- Bitcoin surges back above USD 8,000 on Tuesday price action
- Kraken hints at resumption of crypto-based financial services in India following the Supreme Court’s overturning of a previous crypto ban
- Indonesia’s commodities regulator approves a new crypto exchange
Bitcoin has thrown off the shackles placed by sellers over the past two days by recapturing USD 8,000 territory today, going as high as USD 8,159 (CoinDesk) before settling just above it as the world’s most prized digital asset looks to find strength amid oversold indicators.
One of the biggest positive headlines this week has been coming. After the Indian Supreme Court overturned a two-year crypto banking ban by the Reserve Bank of India, many observers theorized that it would only be a matter of time before big crypto names in the industry turned their eyes back to the second most populous country in the world.
And it has happened. Kraken, one of the space’s most famous digital assets derivatives and Bitcoin trading platform, has now made a pledge to rebuild its presence in India. Although the references made in its blog announcement were rather vague, it said that it had recommitted to the market there, and points it out as a significant earning opportunity for those willing to fill the void left by companies who exited India after the ban.
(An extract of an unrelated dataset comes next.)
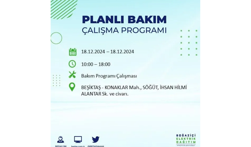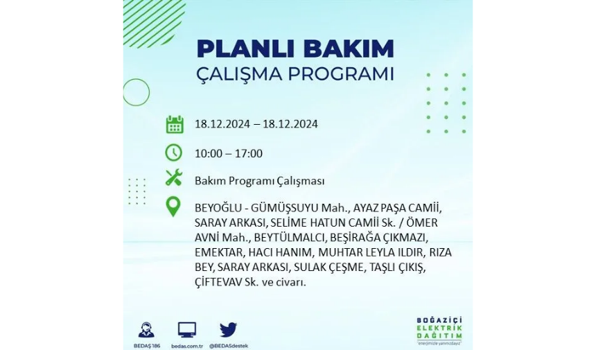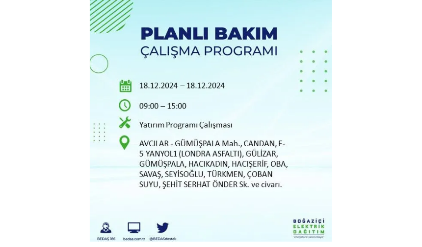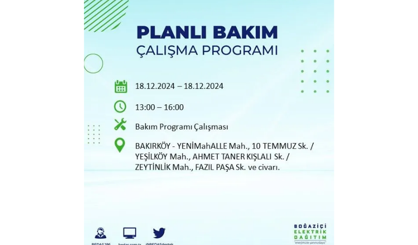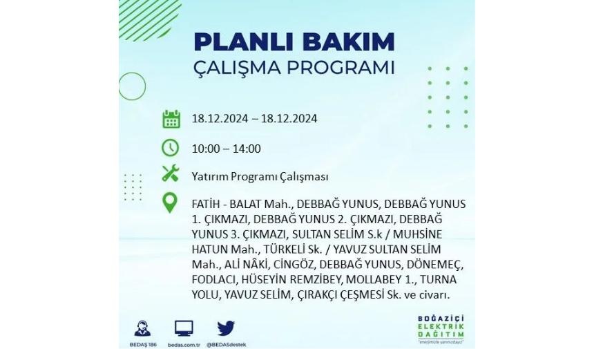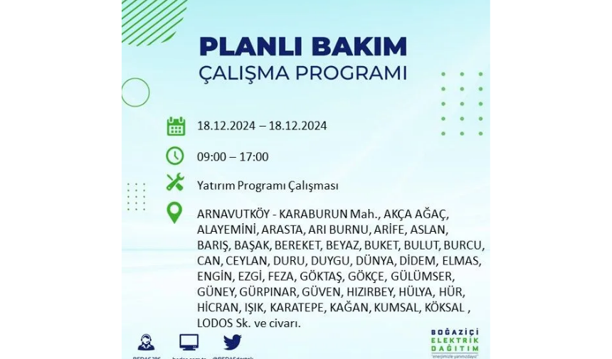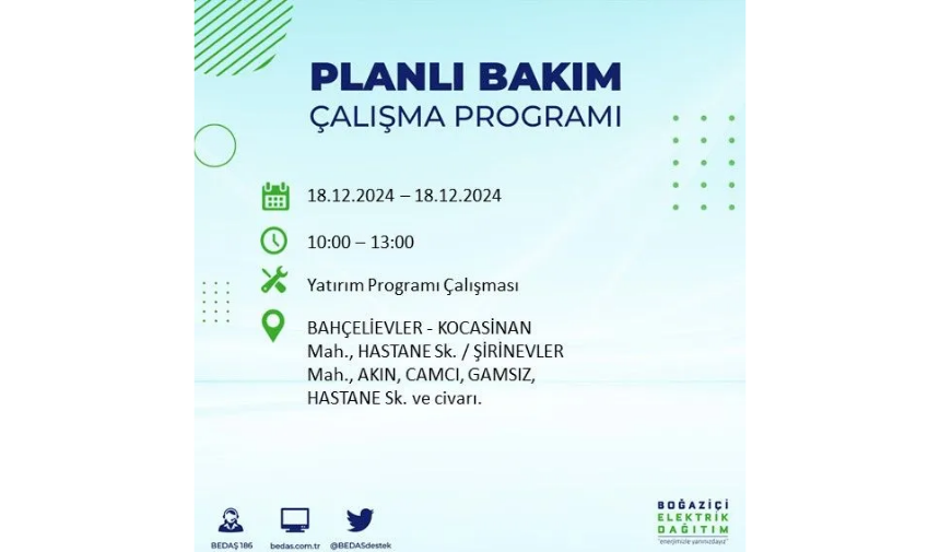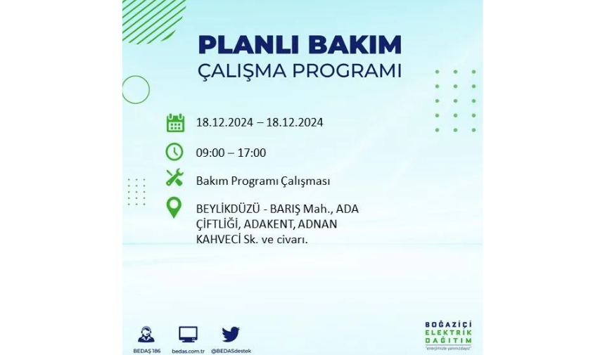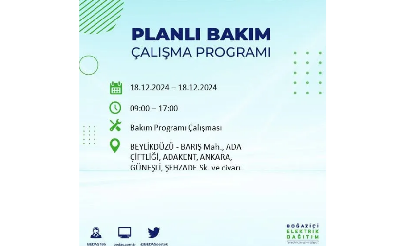Boğaziçi Elektrik Dağıtım A.Ş, (BEDAŞ), İstanbul'da planlı bakım çalışmaları kapsamında 18 Aralık Çarşamba günü elektrik kesintilerinin yapılacağı ilçe ve mahalleleri internet sitesi üzerinden duyurdu.

Kraken expressed enthusiasm at the legal decision and promised to “recommit resources to grow its service in the region through new features and offerings”. It said that it had provided services to the Indian community before, and by saying that it was excited to help Indian, “with its youthful and tech-savvy population and status among the world’s largest gold and remittance markets”, “send value” abroad, it suggests the firm will tackle crypto remittance. Kraken Head of Global Business Development Sunny Ray, the India founder of Unocoin was quoted as saying:
“This is an incredibly emotional moment for India. Satoshi created Bitcoin because he felt that central banks were inefficient. The fact that the crypto industry just battled, and won, against the central bank located in the second-most populous country in the world is a massive achievement. We fought for 1.5 billion people to have the right to access crypto.”
Meanwhile, positive news flows out from Southeast Asia, as the Commodity Futures Trading Regulatory Agency of Indonesia, also known as Bappebti, has now given the thumbs up to Zipmex, a crypto exchange service.
This is actually just the latest in Zipmex’s series of applications to multiple regulators in the Asia Pacific region, following the success of green lights received from Australian and Thai authorities.
Zipmex chief legal officer Bank Yimwilai told CoinTelegraph that the company practised a multi-approach style in attempting to accommodate different regulatory requirements from each individual jurisdiction in the region, but practising the same fundamental philosophies. He explained:
“Even though each jurisdiction has its own sets of rules and regulations, they are rooted in core principles of good corporate governance, strong custody solutions and comprehensive KYC/AML [Know Your Customer and Anti-Money Laundering] policies.”
Yimwilai insisted that the different regulators were typically similar in what they wanted, even in spite of “nuances and small differences”. If anything, he said some of the discrepancies helped to improve overall standards of compliance. He stated:
“Operating across multiple regions has allowed us to adopt the best practice from each particular region. For example, we adopt AML policies that satisfies AUSTRAC, the Australian regulator that regulates money laundering. In addition, SEC Thailand requires institutional-grade custody solutions of digital assets, which we then use in all of the markets that we operate in.”
Today, all crypto exchanges operational in the country are required to register with Bappebti. Successful applications are dependent on proof of secure risk control management, security and transaction systems. This process is part of a new crypto framework of regulations that began last year.